Olivier Gourmet a t-il fait dans sa vie autres chose que des films sociaux, politiques et militants? J'espère que dans sa vie privée, il est moins austère qu'à l'écran, car dans ce cas, je plaindrais sa famille!
Et ce n'est pas avec Ceux qui travaillent que cela va changer. Ce magnifique film du jeune (???) suisse (???) Antoine Russbach (dont apparemment personne ne sait rien...) est d'une noirceur si totale qu'on en sort mal à l'aise.
Frank est parti de rien.

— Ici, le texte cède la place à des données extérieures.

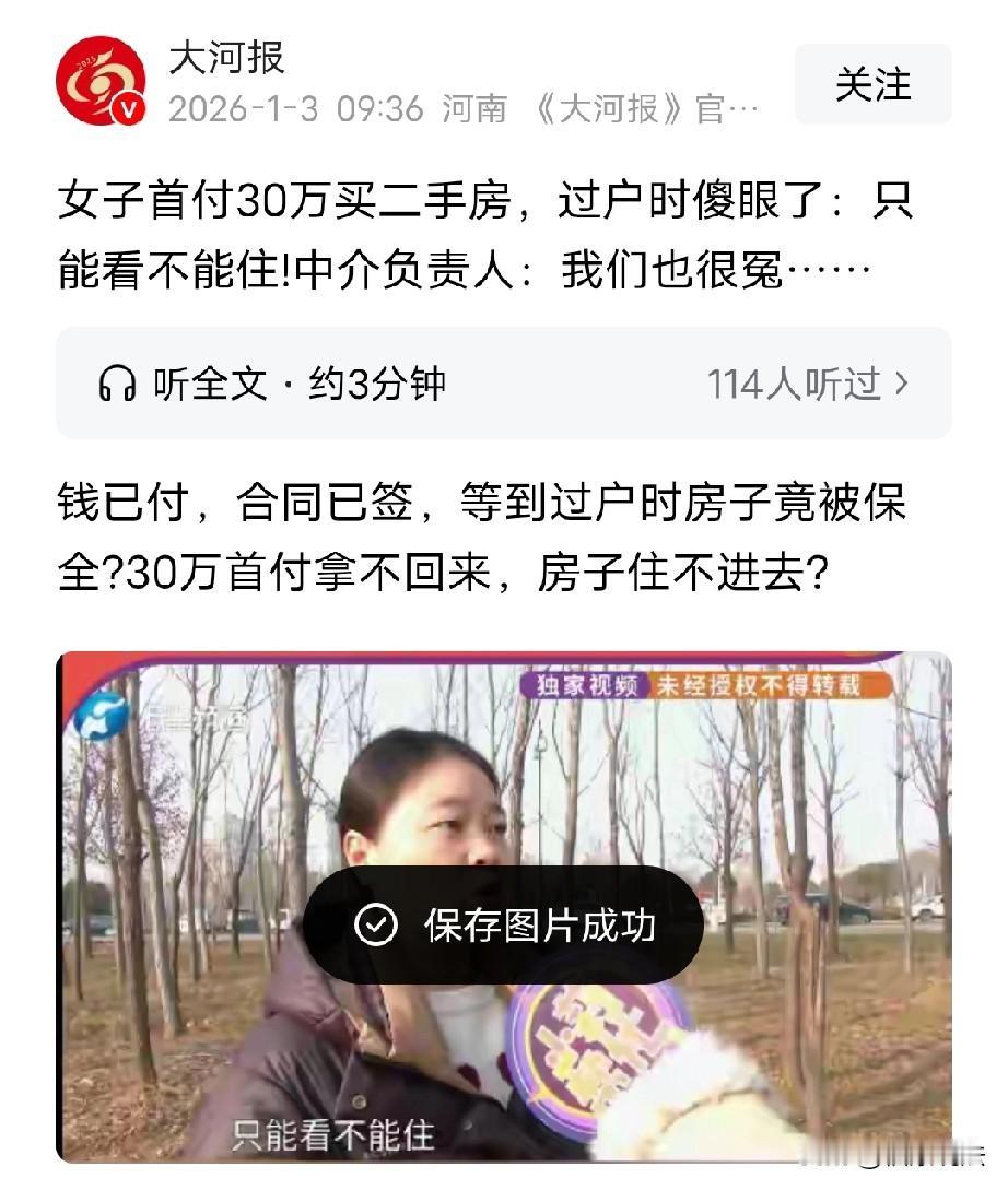 “天塌了!”河南商丘,女子通过中介首付30万买了一套二手房,过户时,却被告知房子已被法院保全,无法办理过户,女子欲哭无泪,这30万首付已掏空了家底,房子不能过户,那钱能要回来吗?中介无奈表示,女房主一开始说她单身,房子是单独所有,事发时,才知女房主和同居男友签过一份协议,该房男方占70%产权,女方占30%,卖房时二人闹矛盾,男方申请了房产保全,可如今联系不上房主了… 焦女士心急如焚,买房30万首付交了,可没想到,过户时出事了,如今这钱能不能要回来都成了难题? 事情是这样的,焦女士家孩子在郑州上学,为了离孩子近一点,可以随时照顾,她通过中介看了一处学校附近的二手房。 2025年11月,中介给焦女士推荐了一套房子,是三室一厅,价格97万。 焦女士还真就相中了这套房,几乎拿出家里全部积蓄,支付了30万元首付款。 买下这套二手房后,焦女士就等着过户了,因为当时她也信得过中介,中介说原房主说她是单身,另外,房产证上面也写了是女房主单独所有。 而且,焦女士在办理买房的相关手续时都挺顺利的,办理贷款手续后,她盼着早点可以住进新家,可她万万没想到,最终卡在了过户这一关。 2025年12月份,焦女士准备办理过户手续,她和中介、原房主一起去的,结果,工作人员告诉她一个令她难以置信的消息——这套房子已经被法院保全,过户没法办理了。 那么,房子“保全”是什么意思呢? 通俗来说,就是法院把房子暂时“锁”起来,不让卖也不让过户。一般是房子有纠纷,怕一方偷偷把房子处理了,所以,暂时先查封着,等纠纷解决了再说。 焦女士都傻了,简直欲哭无泪,房子怎么就有问题了?再一想房子不能过户,交的那30万首付万一拿不回来可怎么办?这可是家里全部积蓄了。 等缓过神儿来,焦女士提出疑问,买房前没有任何人告诉自己房子有问题啊。 中介的负责人和焦女士解释说,这事我们也郁闷啊,女房主在签合同前说他们自己是单身,房产证上面也写了女房主单独所有。 中介也是在焦女士过户时才知道,原女房主和同居男友在之前对该房产签过一份协议,女方占30%产权,男方占70%。 不过,原女房主卖房的时候和男友有了矛盾,而且重要的是,男方也出了钱买房,所以,他向法院申请了房产保全。 问题来了,房产证上只有女房主一个人的名字,后面说男女双方约定的比例协议有法律效力吗?房产证上都没那个男的名字,男的怎么申请法院保全房子? 此事中,房产证上仅登记女方一人名字,从法律外观上看,房屋所有权归女方单独所有。 如果,男女双方在同居期间签订了书面协议,明确约定男方占70%产权、女方占30%,且该协议不违反法律(如未涉及他人权益、未以合法形式掩盖非法目的),则协议在双方之间具有法律效力。 不过,该协议仅对协议双方有约束力,不能直接对抗外部第三人,也就是对买房的焦女士无效。 另外,男方虽未登记为房产共有人,但他如果能拿出出资证明、共同购买协议等证明,可向法院申请保全。 焦女士面对这突如其来的变化,也是无可奈何。 中介对于原房主突如其来的变故也束手无策,本来当时二人同意卖房子,谁想到中途二人出现问题,更让人悬心的是给原房主打电话,也没人接。 你说这事儿多让人闹心,焦女士一开始也是信着中介了,可她和中介都不知道,这个原女房主和男友签了协议对房产进行了产权划分。 所以,当原女房主和男友出现矛盾,一个要卖房子,一个不要卖,坑惨了付了30万首付的焦女士。 那么,焦虑可以要求女房主退还30万首付款吗? 焦女士购房的核心目的是取得房屋所有权并入住。但因房屋被法院保全,无法过户,导致合同目的彻底落空。 《民法典》577条规定:当事人一方不履行合同义务或者履行合同义务不符合约定的,应当承担继续履行、采取补救措施或者赔偿损失等违约责任。 焦女士已支付的首付款30万元属于“已履行部分”,卖方需全额返还。若卖方拒绝返还,焦女士可向法院申请强制执行。 即使女房主同意卖房,但因其未妥善处理与男方的产权纠纷(如未取得男方书面同意出售证明),导致房屋被保全,仍构成违约。 焦女士无需承担卖方与第三方的内部矛盾后果。 此事中,中介有责任吗? 中介可能需承担部分责任,具体取决于其是否尽到审慎核查义务。 《民法典》第962条规定:中介人应当就有关订立合同的事项向委托人如实报告。 如果,中介未核实房屋真实产权状态,比如未发现男女双方的内部产权协议,导致焦女士买房陷入风险,可能被认定为存在过失,需赔偿部分损失。 如果,焦女士一开始如果通过不动产登记中心查询房屋具体情况,签合同时要求房屋共有人到场签字出售,这样可能就避免了这种情况了。 来源:大河报,小莉帮忙

Dernier d'une famille de paysans pauvres, rudoyé par tous, n'ayant fait aucune étude, il commence cariste dans une entreprise de transports maritimes (ah! la marine suisse...) pour en devenir directeur. (Il roule en Carrera quand même... sacré réussite!) Marié à Nadine (Delphine Bibet), fidèle (comme si on avait du temps à perdre avec la bagatelle...), père tendre et attentionné de cinq enfants dont la petite dernière, Mathilde (Adèle Bochatay) l'idolâtre, il n'a qu'un credo: le travail. Il est, le matin, devant son écran alors que les techniciens de surface sont encore en activité.... Travailler, être efficace, faire gagner de l'argent à cette compagnie dont il espère être bientôt l'associé. Mais la compagnie va plutôt mal. des containers sont détériorés.... Et puis, un appel du Cervantes Ils viennent de découvrir un clandestin à bord, un pauvre zig qui a embarqué à Lagos et ne sait même pas pour quelle direction. Et de plus: malade, avec une forte fièvre. Fièvre + Lagos =.... Ebola! Que faire? le garder jusqu'à Marseille, avec la certitude d'une quarantaine et une perte de fric inestimable? Alors plutôt, le ré-embarquer pour Lagos, le débarquer, ni vu ni connu. Le Cervantes fait demi tour. Mais Frank réfléchit. Cette solution, cela représente quand même quatre jours de retard. Nouvel ordre: on reprend la route vers Marseille, et on se débarrasse du clandestin. Le patron russe du porte-containers se récrie; une bonne prime le fera changer d'avis. Mais ces détours ont attiré l'attention des patrons de la compagnie. Frank est sommé de démissionner sur l'heure. A cause de l'ignominie de sa décision? Pas du tout! Pour ne pas les en avoir tenus informés, et parce que l'occasion est bonne de se débarrasser d'un salarié qui coûtait trop cher et prenait trop de surface.
Frank a rejoint le monde de ceux qui ne travaillent pas... Il affiche sans états d'âme son profil insensible dans une boîte de placements; il passe par des phases de dépression; (un de ses fils à cette phrase terrible: on a accepté de ne pas avoir de père; on n'acceptera pas de renoncer à notre train de vie); il contacte tous ses anciens "amis", mais tout se sait dans le milieu; personne ne veut de lui, sauf à accepter un job où il saura constamment flirter avec la légalité.... dans ce monde là, un homme dépourvu de toute morale, de tout scrupule ça n'a pas de prix
La fin du film est somptueuse: Frank emmène Mathilde dans un hyper marché, puis dans les docks, là où sont échangées ces milliards de marchandises dont notre civilisation veut disposer tout le temps, tout de suite. Alors, il n'y a qu'une seule règle: tout doit arriver à l'heure! Que compte la vie ou la survie d'un pauvre noir souffreteux devant les exigences de la mondialisation....
C'est un chef d'oeuvre, mais asphyxiant. Sans doute est ce pour cela qu'il est si mal distribué, si peu et si superficiellement critiqué. Mais c'est à voir absolument tant que c'est à l'affiche.